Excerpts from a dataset
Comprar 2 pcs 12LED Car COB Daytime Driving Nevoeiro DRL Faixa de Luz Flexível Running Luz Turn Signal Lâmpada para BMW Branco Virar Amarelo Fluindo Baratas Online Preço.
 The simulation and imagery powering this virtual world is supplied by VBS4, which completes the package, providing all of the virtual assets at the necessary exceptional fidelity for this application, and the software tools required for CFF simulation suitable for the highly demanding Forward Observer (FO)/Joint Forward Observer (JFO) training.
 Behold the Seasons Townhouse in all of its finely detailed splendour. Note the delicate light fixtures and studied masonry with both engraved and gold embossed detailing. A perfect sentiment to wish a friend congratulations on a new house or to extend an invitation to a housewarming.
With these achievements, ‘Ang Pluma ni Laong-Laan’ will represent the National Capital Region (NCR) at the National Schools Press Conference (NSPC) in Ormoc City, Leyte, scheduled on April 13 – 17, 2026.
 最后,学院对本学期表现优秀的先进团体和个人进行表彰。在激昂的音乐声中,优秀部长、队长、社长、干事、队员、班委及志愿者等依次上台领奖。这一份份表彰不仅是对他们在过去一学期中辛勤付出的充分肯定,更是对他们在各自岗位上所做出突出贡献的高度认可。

■ **What you should do**: Give the records again, exactly as they appear.

■ **Task result**:
Comprar 2 pcs 12LED Car COB Daytime Driving Nevoeiro DRL Faixa de Luz Flexível Running Luz Turn Signal Lâmpada para BMW Branco Virar Amarelo Fluindo Baratas Online Preço.
 The simulation and imagery powering this virtual world is supplied by VBS4, which completes the package, providing all of the virtual assets at the necessary exceptional fidelity for this application, and the software tools required for CFF simulation suitable for the highly demanding Forward Observer (FO)/Joint Forward Observer (JFO) training.
 Behold the Seasons Townhouse in all of its finely detailed splendour. Note the delicate light fixtures and studied masonry with both engraved and gold embossed detailing. A perfect sentiment to wish a friend congratulations on a new house or to extend an invitation to a housewarming.
With these achievements, ‘Ang Pluma ni Laong-Laan’ will represent the National Capital Region (NCR) at the National Schools Press Conference (NSPC) in Ormoc City, Leyte, scheduled on April 13 – 17, 2026.
 最后,学院对本学期表现优秀的先进团体和个人进行表彰。在激昂的音乐声中,优秀部长、队长、社长、干事、队员、班委及志愿者等依次上台领奖。这一份份表彰不仅是对他们在过去一学期中辛勤付出的充分肯定,更是对他们在各自岗位上所做出突出贡献的高度认可。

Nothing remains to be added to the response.